(Dataset excerpts)
------------------------------------------------------------------------

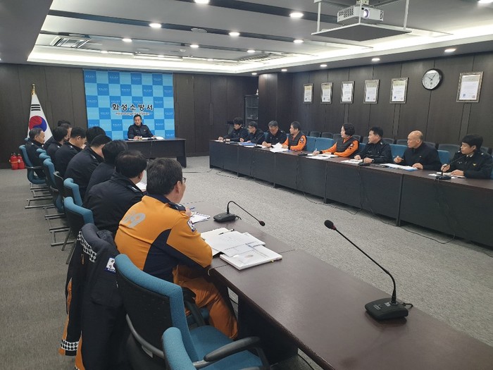 경기 화성소방서는 2일 본서 회의실에서 코로나19 대응체계가 '심각' 단계로 격상되고 지역내 확진자가 급속하게 증가함에 따라 소방공무원에 대한 감염 방지 관리 강화를 위한 대책회의를 했다. 사진은 관계자들이 회의를 하는 모습. (사진제공=화성소방서)
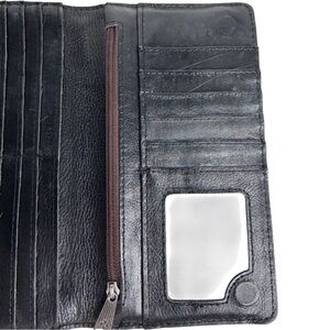 Very good used condition. Patricia Nash black leather wallet. Magnetic closure. Several credit card slots. Minor discoloration on the front but the fold over doesn’t show it. See photo. Approximate Measurements: L 8”, H 4”, Depth 1”.
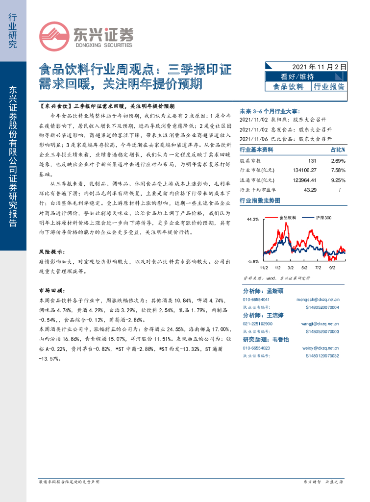 东兴证券:食品饮料行业周观点:三季报印证需求回暖,关注明年提价预期.pdf
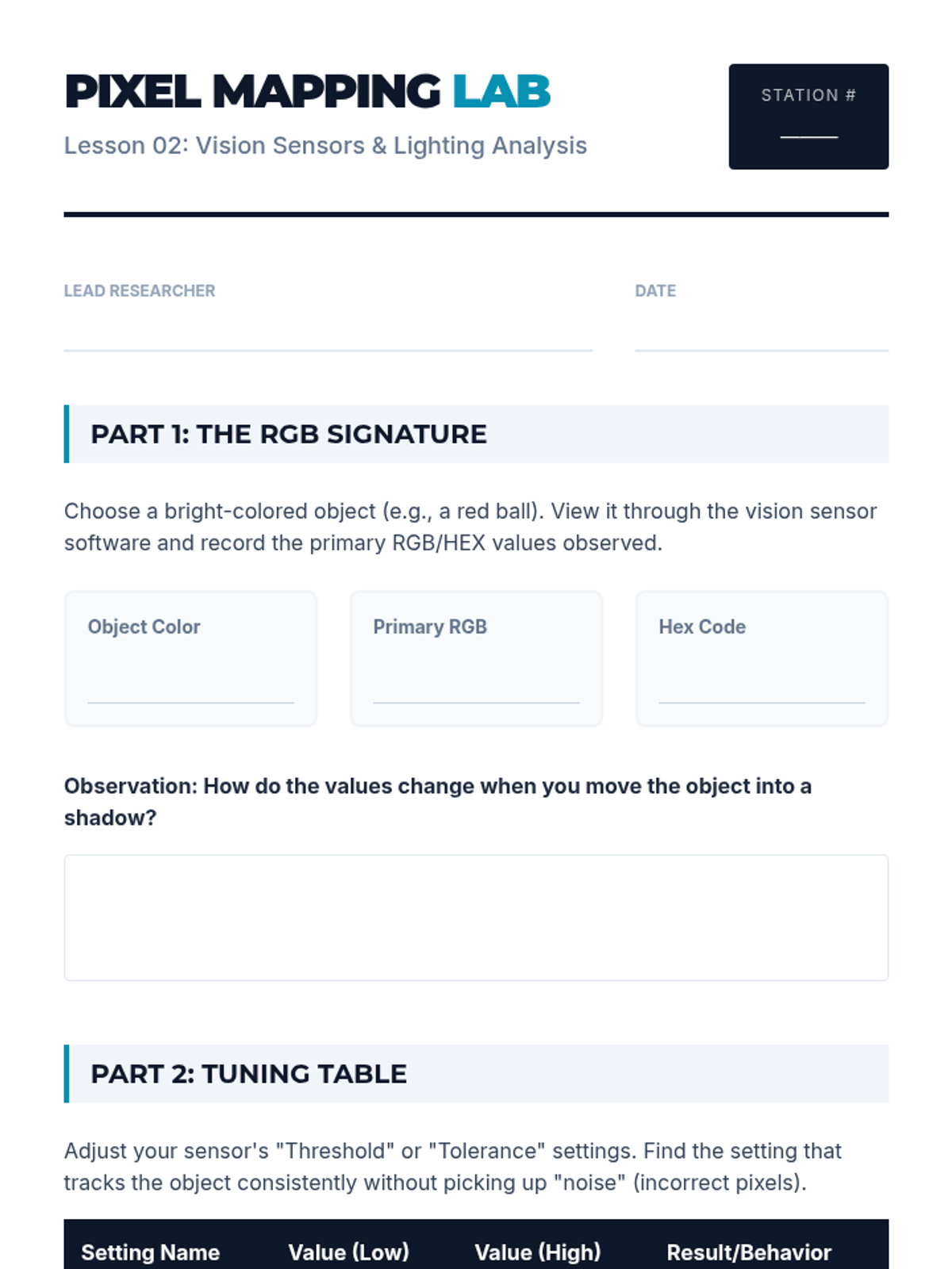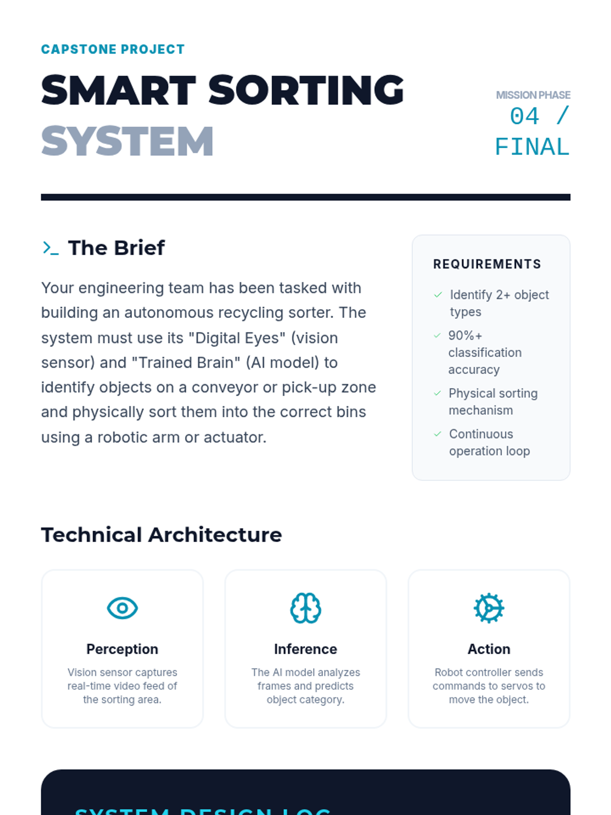 An advanced 9th-grade engineering sequence exploring AI and computer vision in robotics. Students transition from traditional logic to machine learning, training models to interpret visual data and applying these skills to a physical sorting robot project.
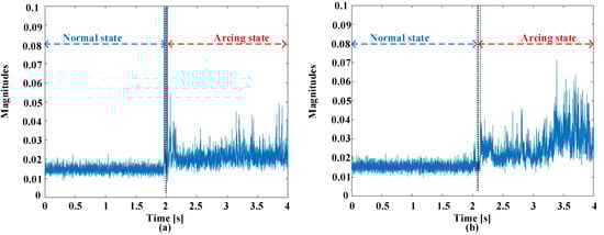 Conversely, a completely distinct pattern materializes following the initiation of the arc event. This pattern is marked by the noticeable emergence of a multitude of distortions prominently evident inside the spectrum covering a specified range (3–30 kHz). These complex interactions within the frequency spectrum provide valuable insights into the distinctive characteristics of both switching noise and arc-induced distortions, enhancing our understanding of the underlying phenomena.
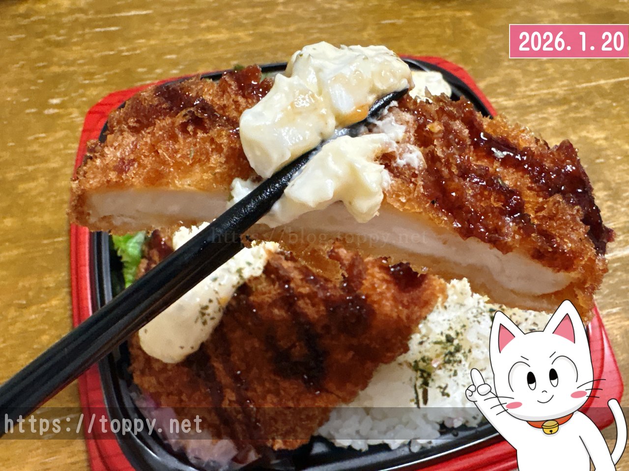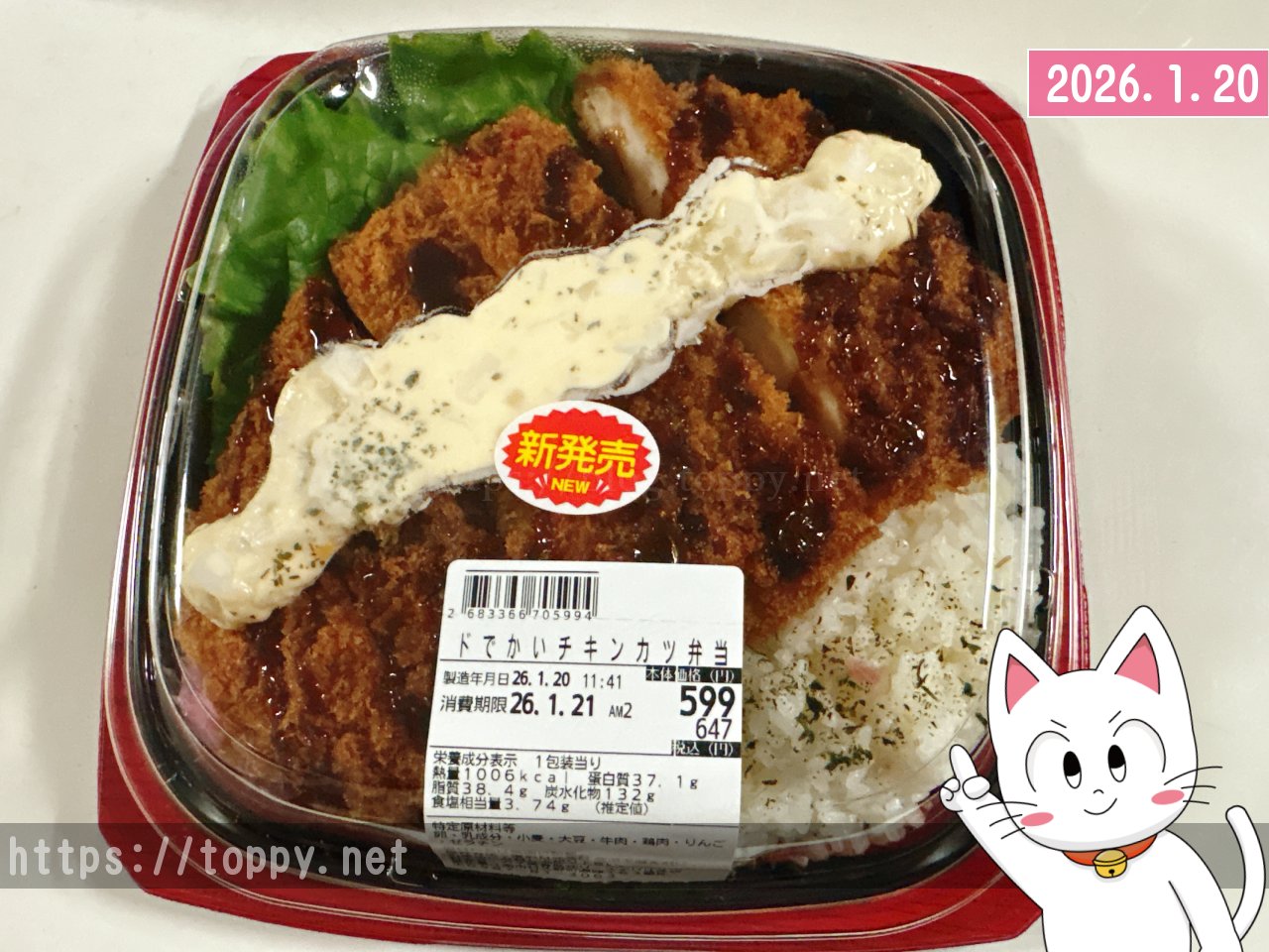 メガドン・キホーテUNYで「新発売」というシールが貼られた尋常じゃない重さのお弁当を買ってきました。ご飯の上に容器めいっぱいの大きさのチキンカツがのっていて、レタスも見えます。
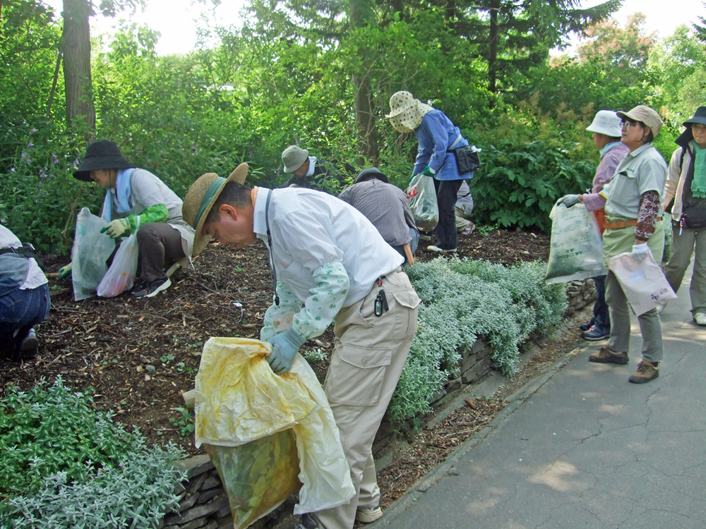 午前は新琴似六番通で「街なかの花壇管理」を、午後からは百合が原公園で「宿根草管理」を行いました。

------------------------------------------------------------------------

● Your task: Extract, word for word, each line from the top of the data down to and including the line with "东兴证券:食品饮料行业周观点:三季报印证需求回暖,关注明年提价预期.pdf"; skip the pictures.

● Answer section:
 경기 화성소방서는 2일 본서 회의실에서 코로나19 대응체계가 '심각' 단계로 격상되고 지역내 확진자가 급속하게 증가함에 따라 소방공무원에 대한 감염 방지 관리 강화를 위한 대책회의를 했다. 사진은 관계자들이 회의를 하는 모습. (사진제공=화성소방서)
 Very good used condition. Patricia Nash black leather wallet. Magnetic closure. Several credit card slots. Minor discoloration on the front but the fold over doesn’t show it. See photo. Approximate Measurements: L 8”, H 4”, Depth 1”.
 东兴证券:食品饮料行业周观点:三季报印证需求回暖,关注明年提价预期.pdf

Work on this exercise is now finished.